Then, when the connecting ring 21 is pushed further inside the inner ring 18b, as shown in FIG. It is in sliding contact with the small-diameter surface portion 27b of the inner ring 18b. In this example, since the surface roughness of the cylindrical surface portion 39 is made smaller than the surface roughness of other portions of the outer peripheral surfaces of the locking portion main bodies 34a and 34b, the surface roughness between the cylindrical surface portion 39 and the small diameter surface portion 27b is reduced. can reduce the frictional force acting on Therefore, the force required to push the connecting ring 21 in the axial direction can be reduced.

Finally, the connecting ring 21 is pivoted until the axially outer end of the connecting ring 21 is positioned inside the axially inner end (small diameter side end) of the inner ring 18a arranged axially outside. push in the direction The locking portion main body 34a and the locking concave groove 26a provided on the inner peripheral surface of the inner ring 18a are aligned in the axial direction, and the locking portion main body 34b and the inner peripheral surface of the inner ring 18b are provided with The axial position is aligned with the locking recessed groove 26b. As a result, the connecting ring 21 is elastically expanded in diameter, and as shown in FIG. 26b at the same time.

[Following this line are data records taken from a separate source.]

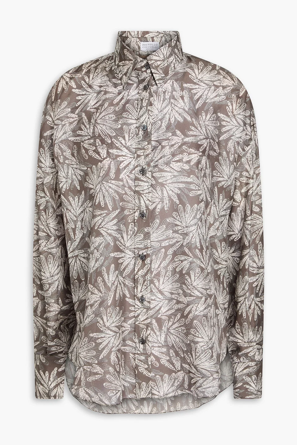 Shirt printed silk-habotai mother-of-pearl buttons bead embellishment pleated back buttoned cuffs button fastenings through front lightweight, non-stretchy fabric dry clean made in italy Brunello Cucinelli’s printed silk-habotai shirt is a must-have for your wardrobe. It has subtle bead embellishments and a pleated back that adds a touch of elegance. Just add tailored pants and heels for a polished look. 100% Silk Product Code 46376663162935964
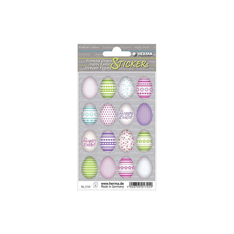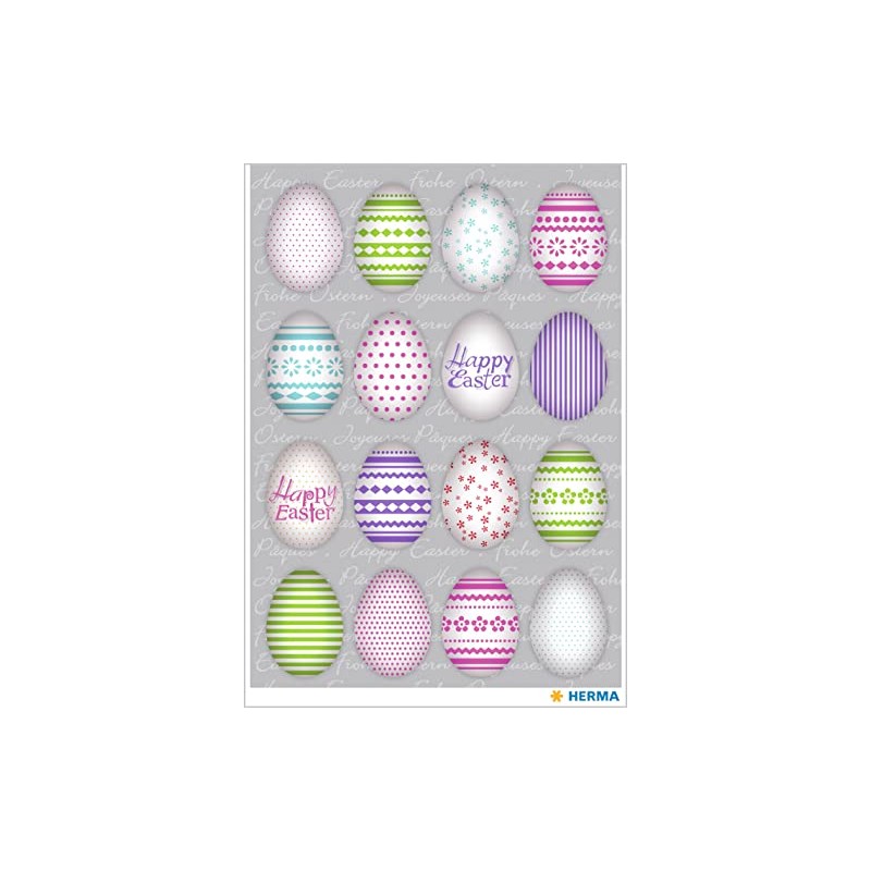 - Box contents: 48 x HERMA Happy Easter stickers (3 sheets each 16 stickers) – colourful eggs
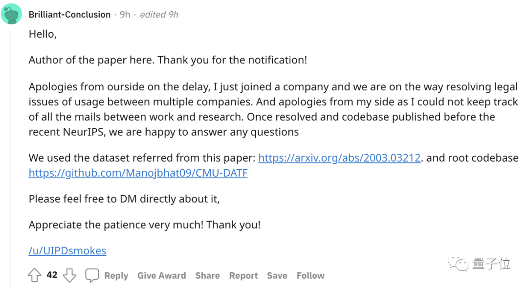 他首先道歉,表示自己刚刚进入一家公司工作很忙,没有及时跟踪到这篇论文的邮件。
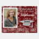 Congrats to our Grad! Fun bokeh bubbles pattern background in your choice of school color. If you don't see your school colors, click "customize further" and make sure to change the front and back background color. Congratulations to the class of (your year). Customize this personalized yard banner sign with your graduate's photo, name, year and school or other custom text. Looks great in your high school or college colors, for girls or boys, as a drive through graduation party award or just to mark the occasion!
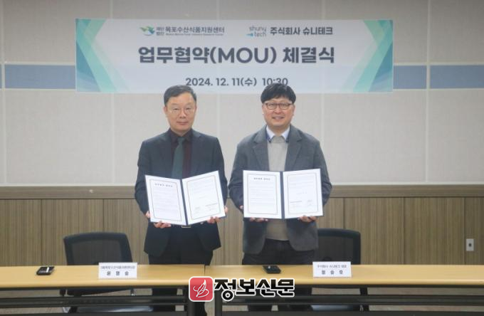 ![]() (재)목포수산식품지원센터, ㈜슈니테크와 지역 수산식품산업 발전협력 업무협약 체결 |

In this example, the connecting ring 21 can be mounted on the pair of inner rings 18a and 18b by such a mounting operation performed by pushing the connecting ring 21 in the axial direction.

According to the rolling bearing device 2 of the present embodiment as described above, it is possible to improve the workability of mounting the connecting ring 21, and the connecting ring 21 can be easily attached even after the rolling bearing device 2 is assembled. can be removed.
That is, in the present example, the connecting ring 21 is configured in the shape of an annular ring, and the outer peripheral surfaces of the pair of locking portion main bodies 34a and 34b constituting the connecting ring 21 are respectively formed into a cylindrical surface portion 39 and a cylindrical surface portion 39. It is composed of an outer slope portion 40 and a central slope portion 41 arranged on both sides in the axial direction. For this reason, the connecting ring 21 is axially pushed into one inner ring 18b (18a) of the pair of inner rings 18a and 18b while the small diameter end surfaces of the pair of inner rings 18a and 18b are butted against each other. Only by performing the work, the diameter of the connecting ring 21 can be efficiently reduced, and the pair of locking portion main bodies 34a and 34b can be simultaneously locked to the locking concave grooves 26a and 26b, respectively. Therefore, the mounting work of the connecting ring 21 can be simplified, and the workability of the mounting work of the connecting ring 21 can be improved. In addition, it is advantageous in terms of automating the attachment work of the connecting ring 21 .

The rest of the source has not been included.